**Task item**
The reply must consist of the lines from the first line of the records through the line containing "5 designs - Heart", copied exactly, with every picture omitted.

**Task inputs**
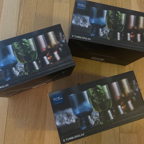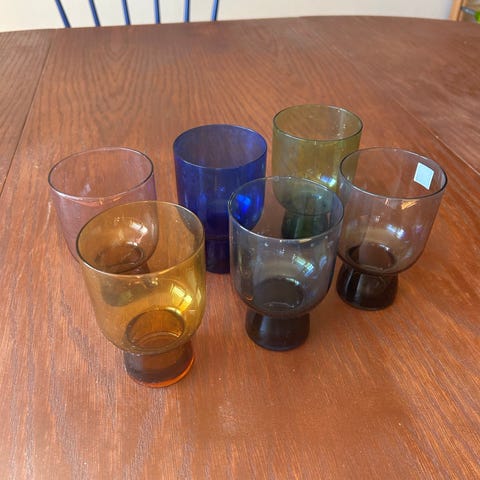 Glas, Tumling glas, 6 bordeaux / blommefarvet tumling glas. 10 cm høje og 7-11 cm i dia. Samlet pris ialt
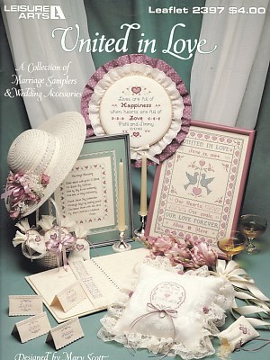 5 designs - Heart Border Bookmark, With This Ring I Thee Wed Ring Bearer Pillow, Marriage Blessing Prayer, Hoop Happiness Sampler, United In Love Sampler - Blue Birds & Hearts
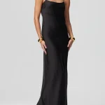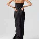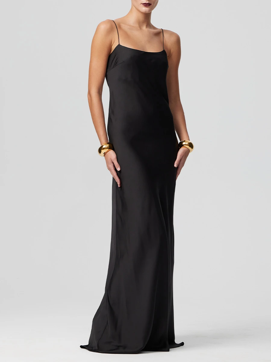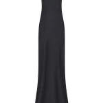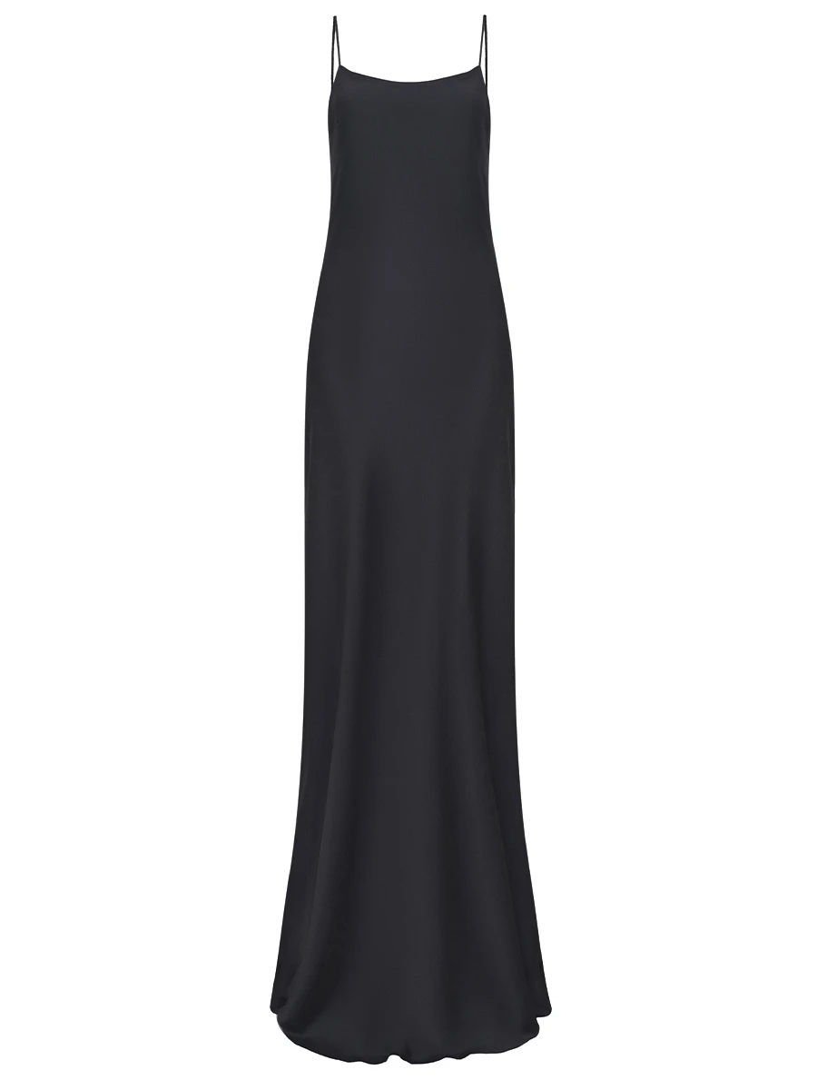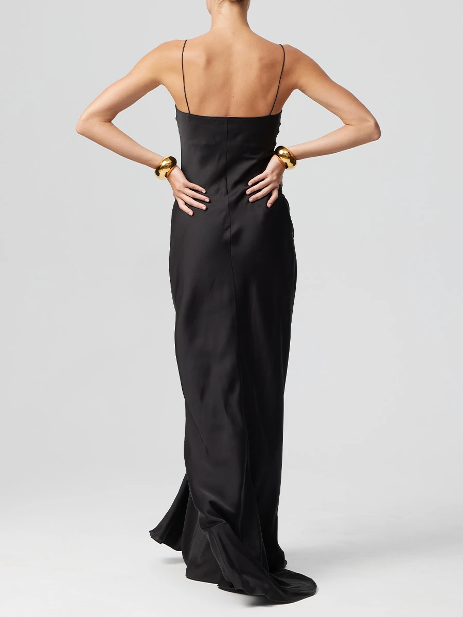 -Черное платье-макси выполнено из премиального шелка. -Изысканный приталенный силуэт и тонкие бретельки подчеркивают утонченность. -Аккуратные вытачки по переду структурируют силуэт, а глубокий вырез раскрывает женственность. -Роскошный шлейф и безупречная обработка низа.
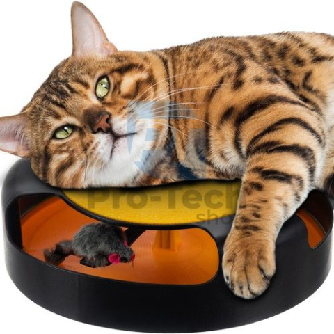 Játék macskáknak - kerék egérrelBemutatjuk a tökéletes játékot minden cica számára, korától, nemétől és méretétől függetlenül. A kör alakú játék egy egérutánzattal a közepén remek alternatíva a vadászösztönű macskák számára. Amikor a macska megüti az egeret, az elkezd forogni a kör kerülete körül, ami tovább motiválja a macskát a játékra.Ennek a játéknak fontos része a felső betét is, amely kaparófaként szolgál. Segít megvédeni a bútoroka
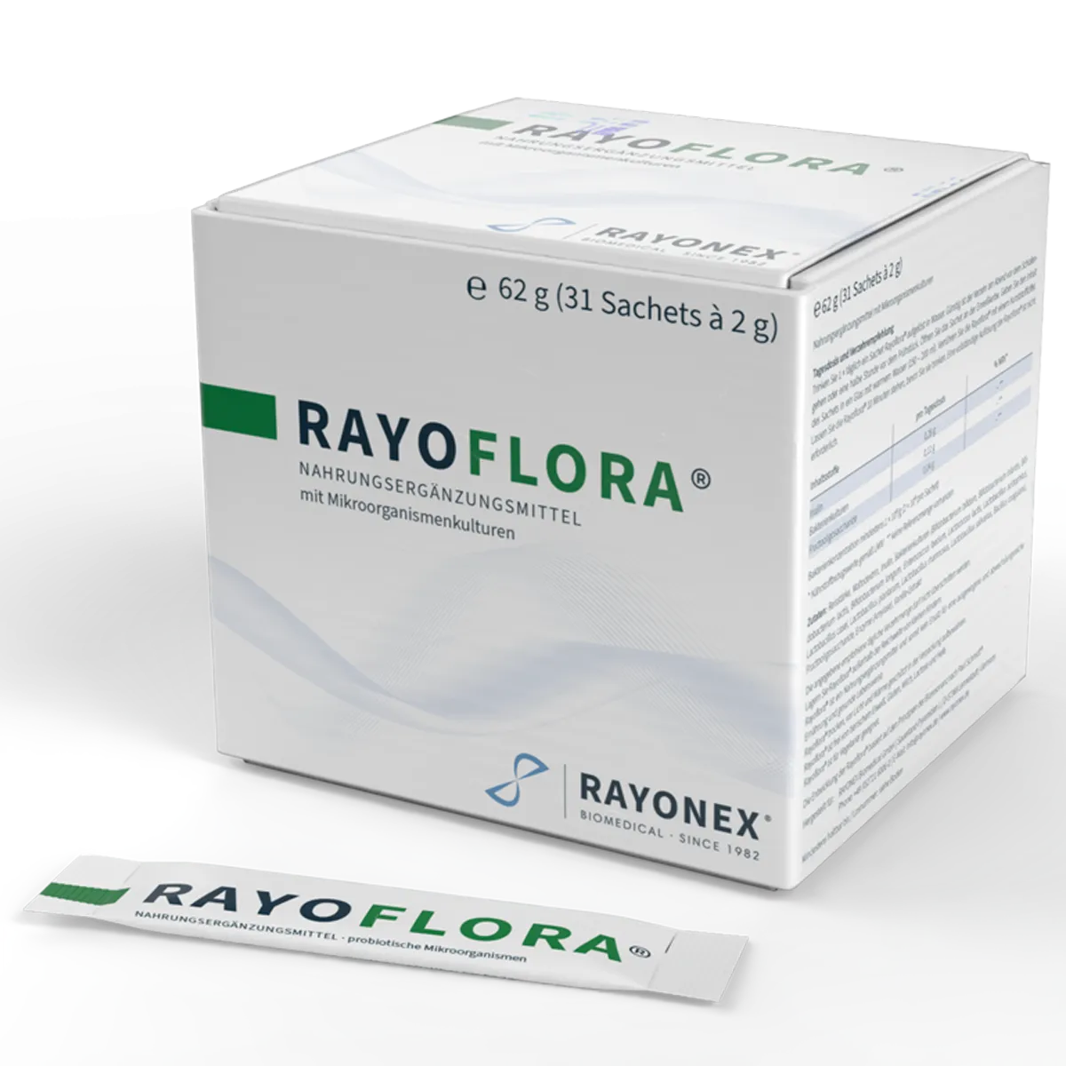 Rayoflora® nu conține aditivi, lactoză, gluten, proteine animale și drojdie și, prin urmare, este potrivită pentru vegetarieni și vegani. Conceptul de supliment alimentar al Rayonex Biomedical GmbH se bazează pe un sistem medicinal natural dovedit, orientat spre cauze și patentat.
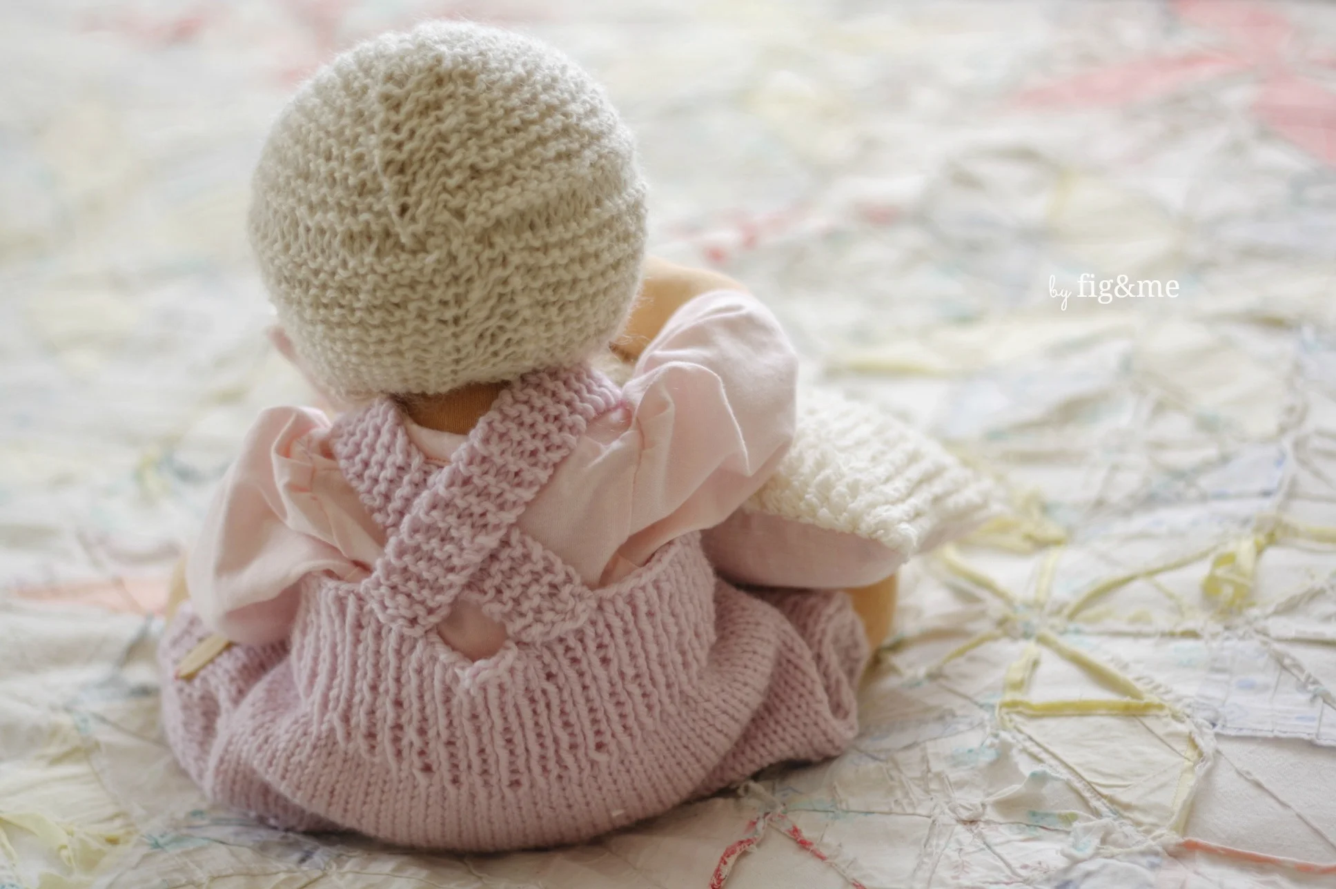 We tufted the mattress, and hand tied the blanket. We puffed the pillow and put snaps on her onesie. Gave her a comfy diaper, and knit her a helmet hat. And she is so happy, she had the longest nap today. Buttons were chosen for her overalls, and now that is all said and done, I am having a hard time stopping from taking another gazillion photos of her, she is just so adorable. I have this huge weakness for babies, and when they are made of cloth and wool, I have to cuddle them too!, just like a real flesh and bone baby.
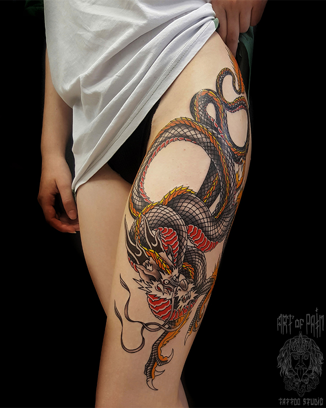 Татуировка женская япония на бедре дракон (вид спереди) 5503
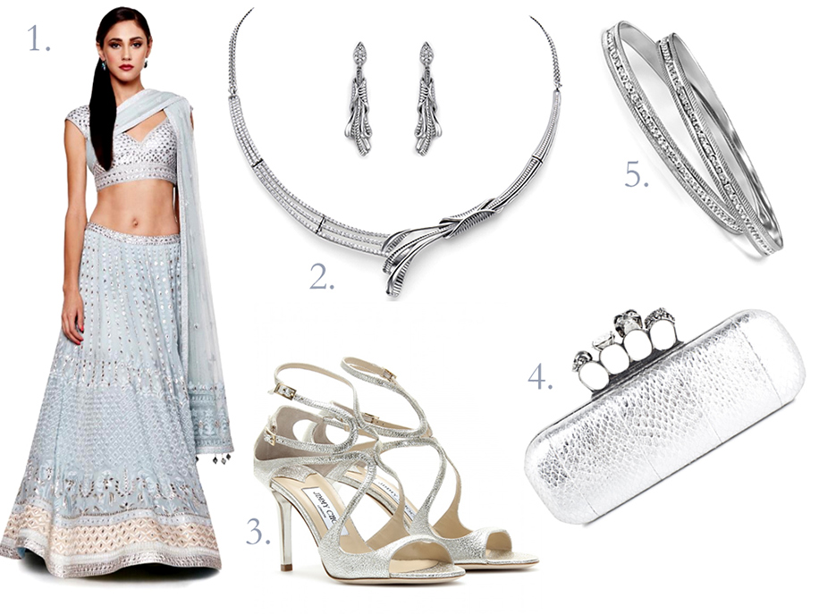 Seen here: 1. Anita Dongre lehenga choli in powder Blue 2. Platinum Evara necklace set 3. Jimmy Choo strappy sandals 4. Alexander McQueen clutch 5. Elegant Evara Platinum Bangles.
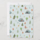 Este lindo e moderno convite para o chá de fraldas do bebê, design de anúncio de bebê, apresenta um pai e um bebê urso. Há também um padrão de acampamento azul no reverso, com tendas, ursos, árvores florestais e uma fogueira, e espaço para você adicionar o nome da mãe e toda a informação que você precisa compartilhar para sua festa na floresta.
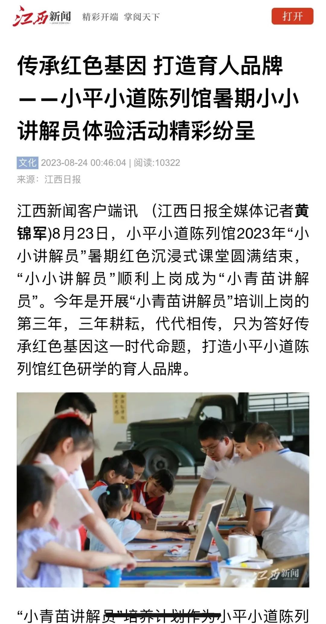 此次第三届“春天里的小青苗”培训班招募活动,被各大主流媒体纷纷转载报道,人民日报、中国纪念馆(微信公众号)、江西新闻、江西新闻广播、南昌广播电视台等媒体报道后,受到社会各界的广泛关注和好评。
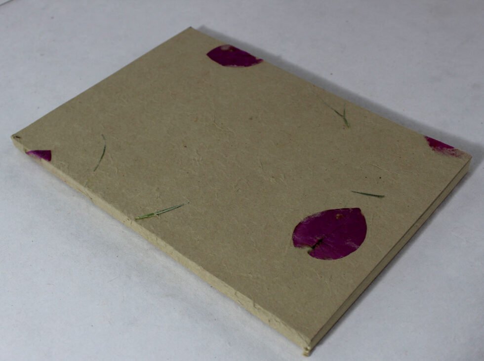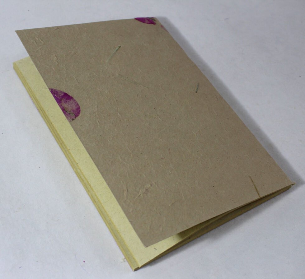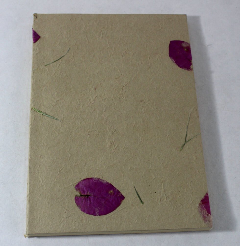Soft cover hemp notebook with ‘Garden Hemp Paper’ on its cover with flower petals and grass. Inside is 48 sheets / 96 pages of ‘Hemp Paper’ in natural shade of 70 GSM. Excellent paper to write upon which never bleeds with ink or even in painting! Truely recycled paper, handmade paper, wood free paper – with Ph level 7 or higher – its an acid free paper too! Having ancient history, hemp paper has been used since 2000 years back! Even the first few Bible covers are found from the Cannabis hemp paper! The paper has longer fibres hence the tensile strength is very strong – one reason, this was used for currencies too in Mediaval history!
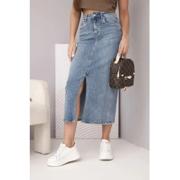 Dámská midi džínová sukně s rozparkem vpředu džínová
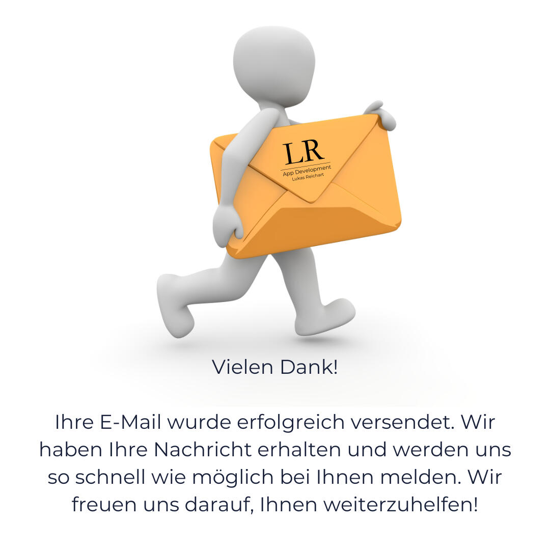 1.2 Auf der Website lukasreichart.de können Sie Anfragen zur Entwicklung von Apps stellen. Nach erfolgreicher Anfrage erhalten Sie per E-Mail alle weiteren Informationen, einschließlich eines Vertragsangebots und eines Lizenzschlüssels. Die Bezahlung erfolgt hier per Überweisung.
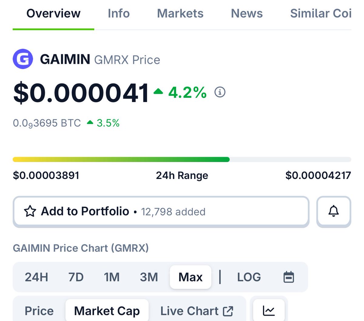 4️⃣📈 $GMRX (@GaiminIo) - $0.001479 (+14%)

**Exercise answer**
 Glas, Tumling glas, 6 bordeaux / blommefarvet tumling glas. 10 cm høje og 7-11 cm i dia. Samlet pris ialt
 5 designs - Heart Border Bookmark, With This Ring I Thee Wed Ring Bearer Pillow, Marriage Blessing Prayer, Hoop Happiness Sampler, United In Love Sampler - Blue Birds & Hearts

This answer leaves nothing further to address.